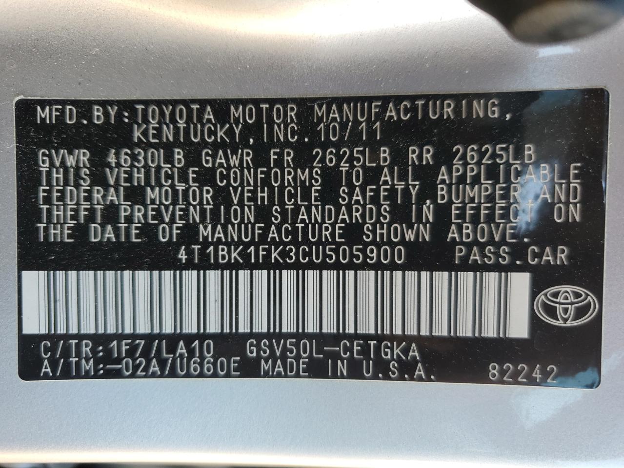- ВИН: 4T1BK1FK3CU******
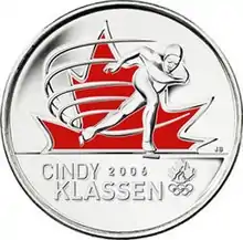 - ↑ "Mint honours speedskater Cindy Klassen with coin". CBC News. January 5, 2010. Retrieved 2010-02-26.
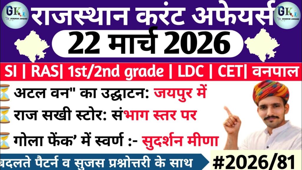 22 March Rajasthan Current Affairs 2026| RPSC, RSSB
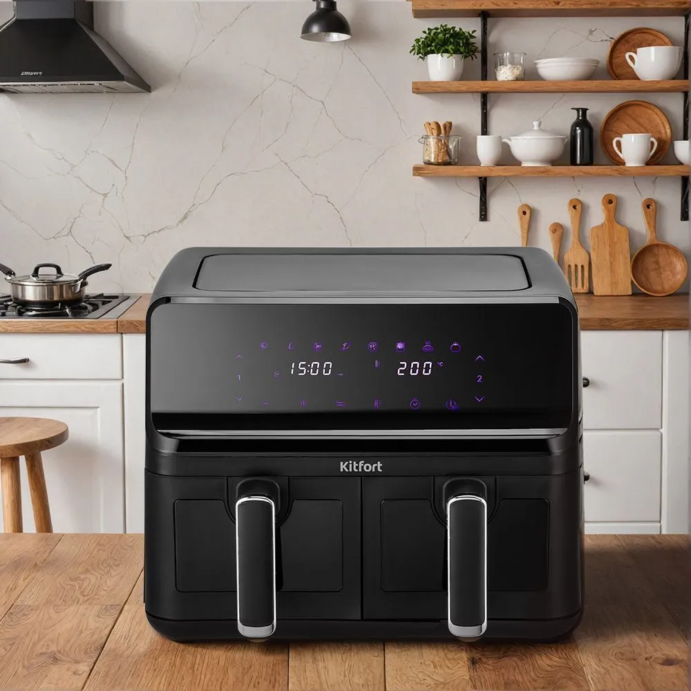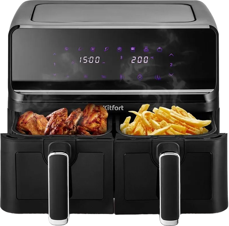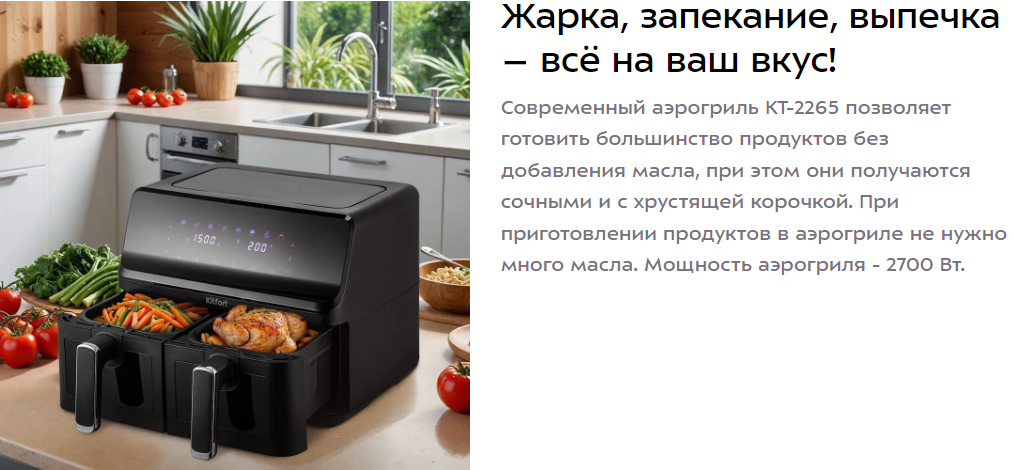 Современный аэрогриль КТ-2265 позволяет готовить большинство продуктов без добавления масла, при этом они получаются сочными и с хрустящей корочкой. При приготовлении продуктов в аэрогриле не нужно много масла. Мощность аэрогриля - 2700 Вт.

ACTIVITY | Could you return the whole listing exactly, with every picture removed?

EXERCISE ANSWER |
- ВИН: 4T1BK1FK3CU******
 - ↑ "Mint honours speedskater Cindy Klassen with coin". CBC News. January 5, 2010. Retrieved 2010-02-26.
 22 March Rajasthan Current Affairs 2026| RPSC, RSSB
 Современный аэрогриль КТ-2265 позволяет готовить большинство продуктов без добавления масла, при этом они получаются сочными и с хрустящей корочкой. При приготовлении продуктов в аэрогриле не нужно много масла. Мощность аэрогриля - 2700 Вт.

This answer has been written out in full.